WHAT IS NEEDED - Please repeat every record exactly, leaving out any pictures.

DATA SHOWN -
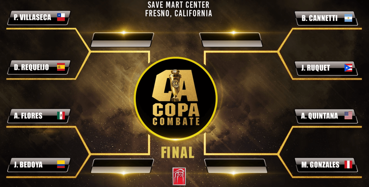 LOS ANGELES.- Combate Américas anunció esta semana dos cambios en la alineación para el evento más grande del año, Copa Combate --torneo de una noche, donde pelearán ocho hombres en peso pluma, por un gran premio de 100 mil dólares-- así como los enfrentamientos oficiales para el evento que se realizará el próximo viernes 7 de diciembre desde el Save Mart Center.
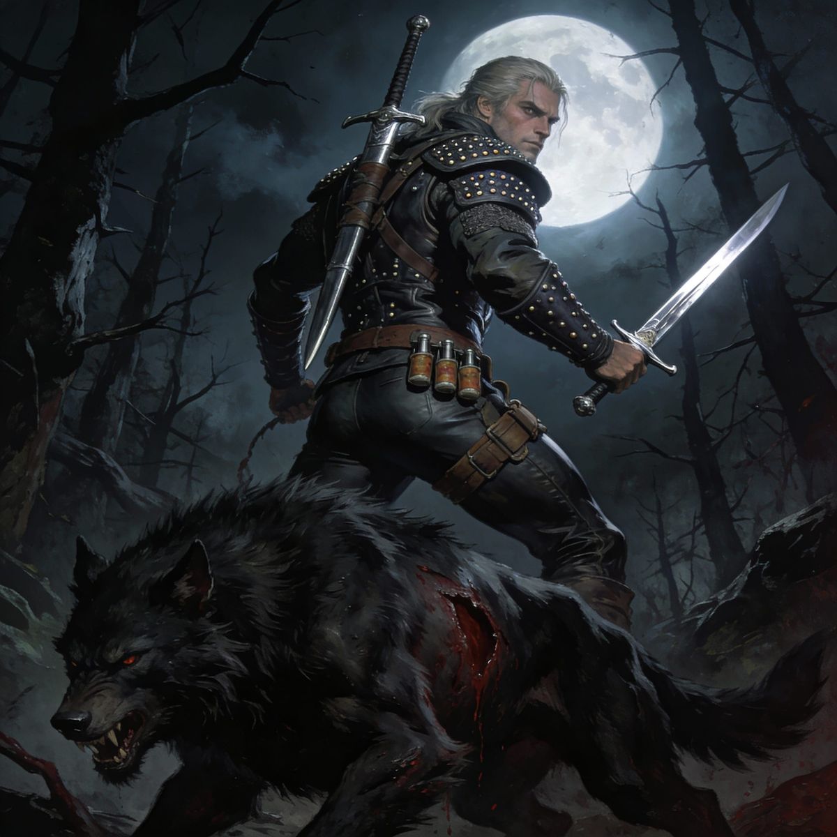 This illustration captures a Witcher pursuing a bleeding werewolf through terrifying, moonlit woods. The art style blends detailed, realistic fantasy illustration with a dark, sensual atmosphere.
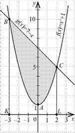 Відповідь : . cosϕ 32. Задано функції f x ( ) = x 2 +1 і g x ( ) = 7 − x . 1. Знайдіть абсциси точок перетину графіків функцій f x ( ) і g x ( ) . У прямокутній системі координат зобразіть фігуру, обмежену цими графіками. 2. Обчисліть площу фігури, обмеженої графіками функцій f x ( ) і g x ( ) .
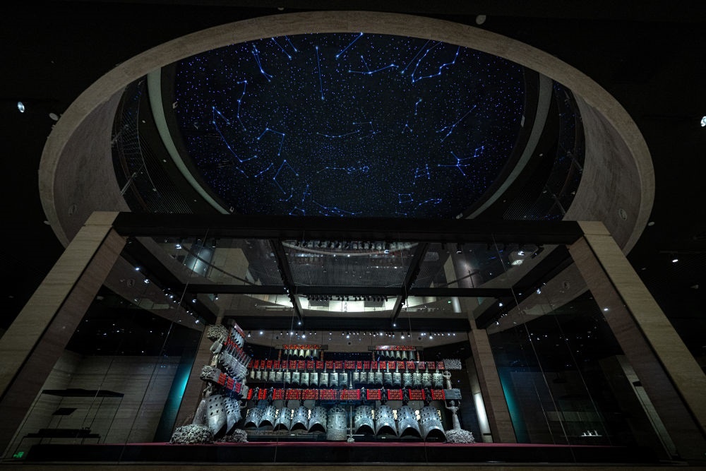 在湖北省博物館拍攝的隨州曾侯乙編鐘(2025年4月17日攝)。曾侯乙編鐘是我國出土數量最多、重量最重、音律最全、氣勢最為宏偉的一套編鐘,編鐘上的銘文是目前已知唯一的中國先秦官方音樂理論文獻,以聲音和文字相互印證的方式保存了2400多年前人類的音樂記憶。
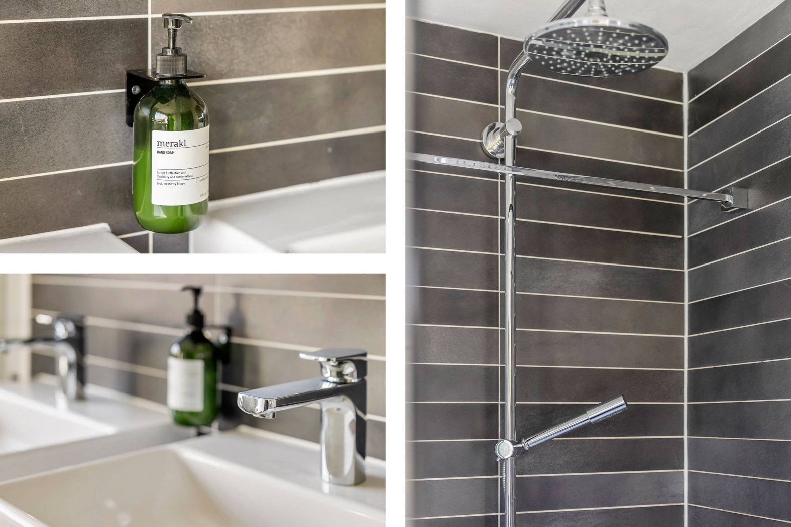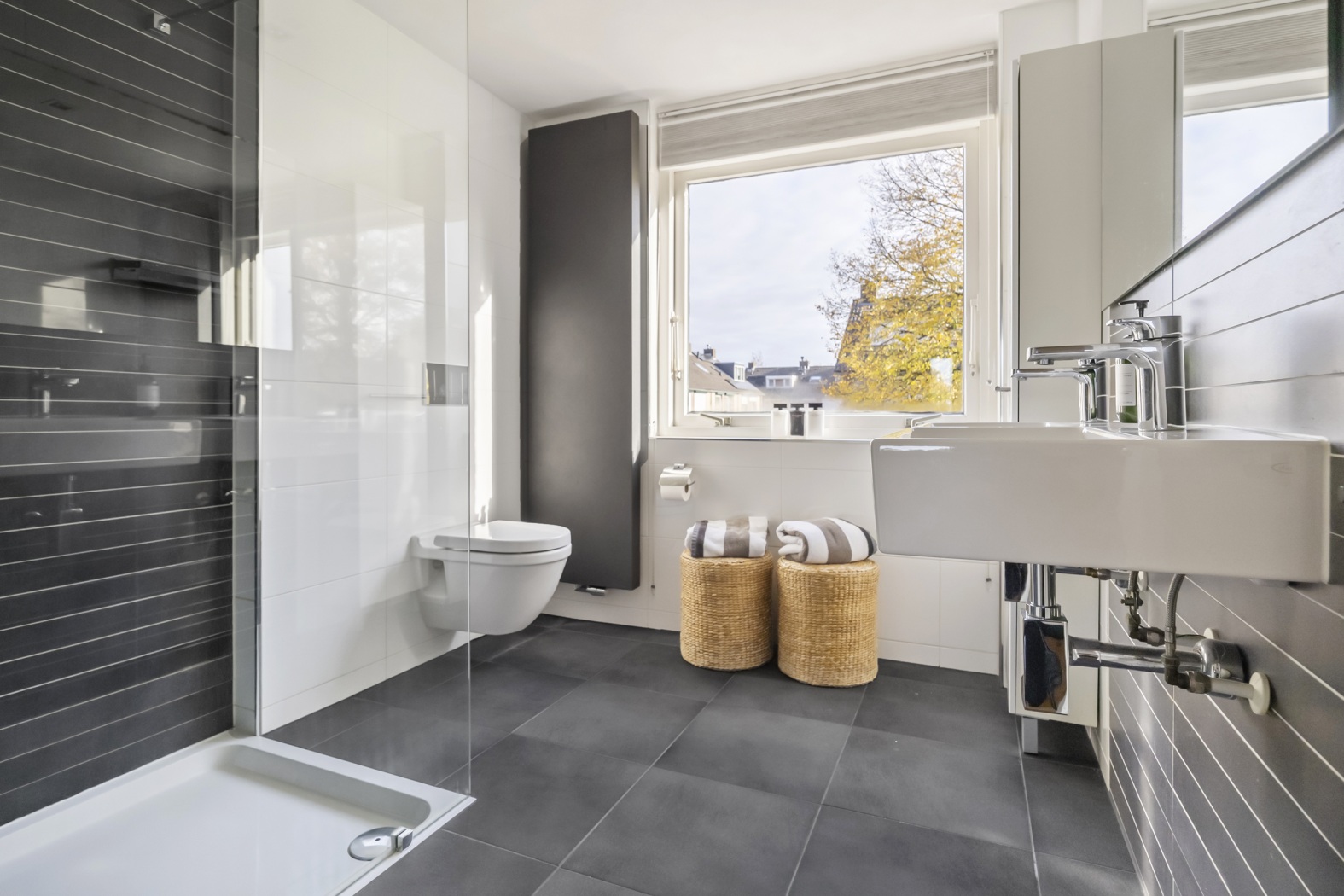 Aan de voorzijde is de badkamer van circa 6 m², modern en ruim opgezet. Mooie tegels, een dubbele wastafel met spiegel, een riante inloopdouche met regendouche, een tweede zwevend toilet en een designradiator zorgen voor een ontspannen wellness gevoel. Hier kun je ’s ochtends écht rustig opstarten.

WRITTEN SOLUTION -
 LOS ANGELES.- Combate Américas anunció esta semana dos cambios en la alineación para el evento más grande del año, Copa Combate --torneo de una noche, donde pelearán ocho hombres en peso pluma, por un gran premio de 100 mil dólares-- así como los enfrentamientos oficiales para el evento que se realizará el próximo viernes 7 de diciembre desde el Save Mart Center.
 This illustration captures a Witcher pursuing a bleeding werewolf through terrifying, moonlit woods. The art style blends detailed, realistic fantasy illustration with a dark, sensual atmosphere.
 Відповідь : . cosϕ 32. Задано функції f x ( ) = x 2 +1 і g x ( ) = 7 − x . 1. Знайдіть абсциси точок перетину графіків функцій f x ( ) і g x ( ) . У прямокутній системі координат зобразіть фігуру, обмежену цими графіками. 2. Обчисліть площу фігури, обмеженої графіками функцій f x ( ) і g x ( ) .
 在湖北省博物館拍攝的隨州曾侯乙編鐘(2025年4月17日攝)。曾侯乙編鐘是我國出土數量最多、重量最重、音律最全、氣勢最為宏偉的一套編鐘,編鐘上的銘文是目前已知唯一的中國先秦官方音樂理論文獻,以聲音和文字相互印證的方式保存了2400多年前人類的音樂記憶。
 Aan de voorzijde is de badkamer van circa 6 m², modern en ruim opgezet. Mooie tegels, een dubbele wastafel met spiegel, een riante inloopdouche met regendouche, een tweede zwevend toilet en een designradiator zorgen voor een ontspannen wellness gevoel. Hier kun je ’s ochtends écht rustig opstarten.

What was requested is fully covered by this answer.